Neil Diamond dropped his trousers at the Carrier Dome on Saturday night. Who said the old pop dog won't try new tricks?
There Diamond was, in the round but not too daringly close to being in the buff
Women in the know in the crowd of 28,000 called it a black body suit, a neat contraption that allows Diamond's performing shirt the appearance of always being tucked in.
In any regard, when a sound system glitch knocked out all of the vocals and instrumental amplification midway through Diamond's rendition of a song eerily titled, Can Anybody Hear Me, the 55-year-old singing veteran showed just how far he'll go to let the show go on.

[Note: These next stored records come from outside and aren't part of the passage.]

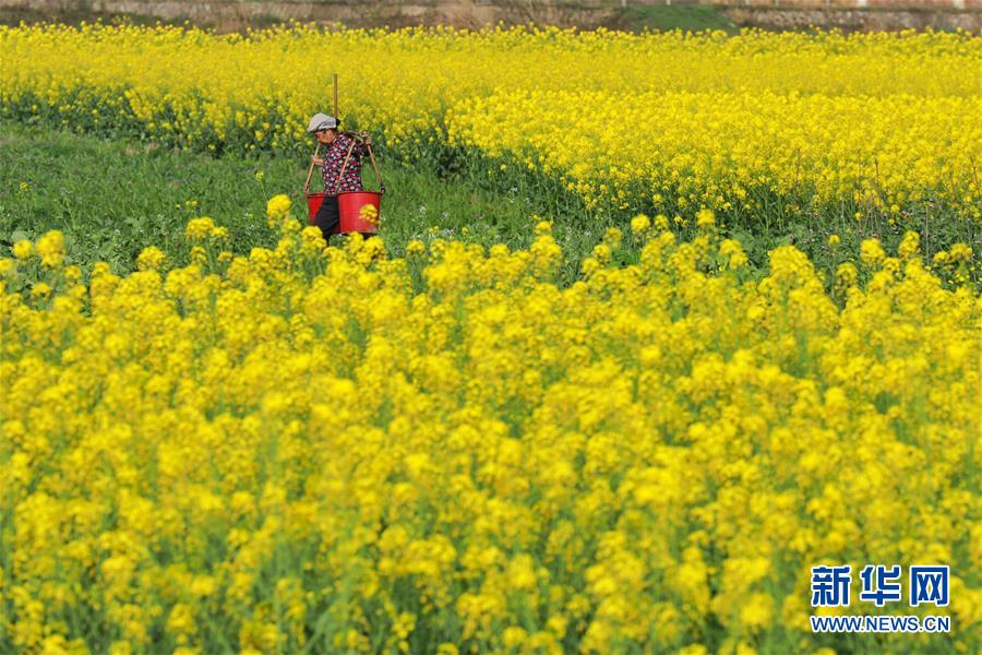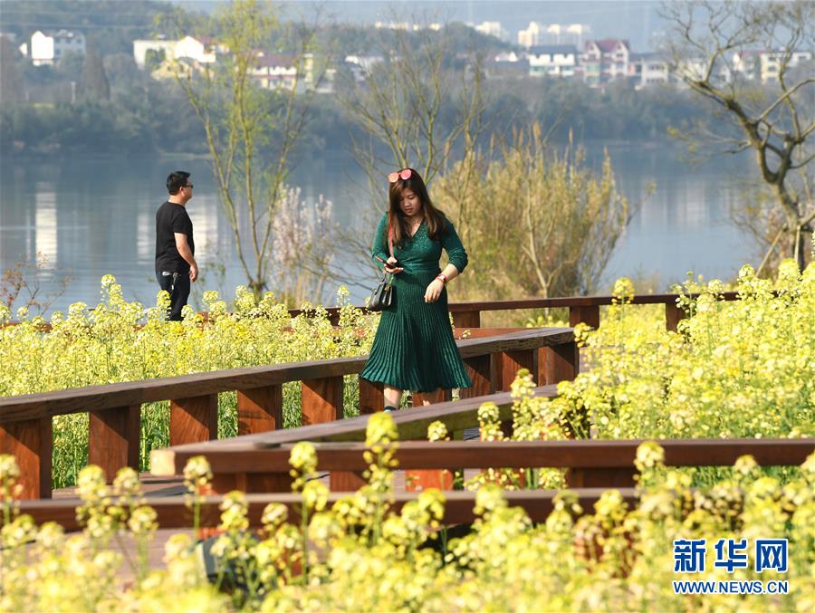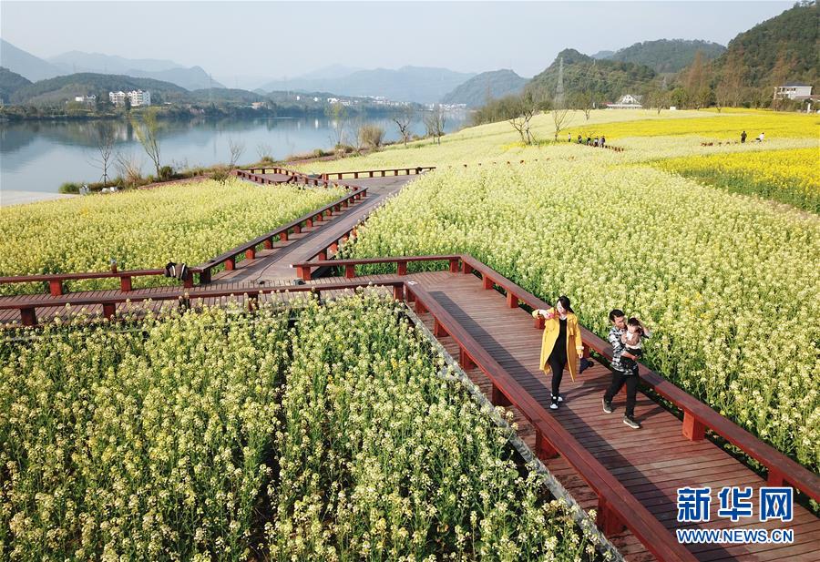 3月19日,游人在下涯镇油菜花海中游玩。近日,浙江省建德市下涯镇油菜花盛开,吸引不少游客前来踏春。 新华社记者翁忻旸摄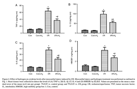 3 細胞因子水平數據來自圖4。研究意義是評估炎癥反應,氫降低TNF-α、IL-1β、IL-6和HMGB1水平,表明氫具有抗炎特性。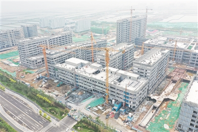 记者走进项目一期看到,5个项目单体拔地而起,4台塔吊分散其间,工人们有的在做外立面施工,有的在室内忙着安装管道,挖掘机和水泥搅拌车也在有条不紊地忙碌着,项目建设现场繁忙而有序。“项目有5个单位工程,包括门诊楼、重症病房楼以及3个附属单位——能源中心、污水处理站和洗消中心。”青岛明青健康产业管理有限公司副总经理韦学陆指着眼前的几栋高楼一一介绍,门诊楼主体结构已经通过验收,安装和精装修正在同步施工,其中安装工作已经完成了70%左右,精装修完成20%;重症病房楼一次结构、二次结构均已验收完毕,安装工作完成70%,精装修完成10%左右;3栋附属建筑主体结构也已验收完成,装修工作开始施工。

In a Vaudevillian moment, Dimaond stood up on his stage pedestal and pulled down his pants. The already energetic women in the audience got more excited.
When somebody found the right plug to reconnect, Diamond sheepishly said, ''I guess I've done everything on stage now.''
He did everything right for his fans, anyhow.
And that means Diamond was the consummate Brooklyn aw-schuckster, posing in a gee-thanks mode after every song.
And he was con-prone too, selling his sneaky little tricks like starting Forever in Blue Jeans over because he spotted one guy in the crowd who hadn't stood up and danced the first time around.
But mostly he was an American icon, sharing his poetic pop wisdom with his slew of hits, a 29-song set in all. Solitary Man, Cherry Cherry, Play Me, Kentucky Woman, they were all in there.
On Song Sung Blue the Dome was a human wave of swaying arms. On Marry Me one woman shouted out ''I'll marry you, Neil,'' only to be sharply rebuffed by her friend's sly, ''Oh, she'll marry anybody.''
During America huge American flags dropped from the ceiling at the perfect patriotic moment.
What a warm, cuddly place Neil Diamond's world can be. Of course, there's the measure of artistic anguish, too, with I Am...I Said opening wounds for all to dab at with their ardor. ''And no one heard, not even the chair'' he sang in full hurt.
But he sure got over it quickly.
Diamond's slick band added to the polished perfection, and the maestro showed he was both a good boss and thoughtful showman during introductions. After each name rolled lovingly off Diamond's tongue, the musician got to stretch out on a solo.
And the fans, already told there would not be an intermission, got to take a potty break.
Hopefully, not too many people left their seats during the four-song stretch of new songs from Diamond's new disc, Tennessee Moon. Because, on the new material, Diamond shows that he's still a songwriter working hard to create new feelings.
The emotional Everybody was a gorgeous ballad co-written with his son Jessee. On No Limit, played with a trio instead of the full 9-piece outfit, Diamond sounded like an old rockabilly king getting some new kicks.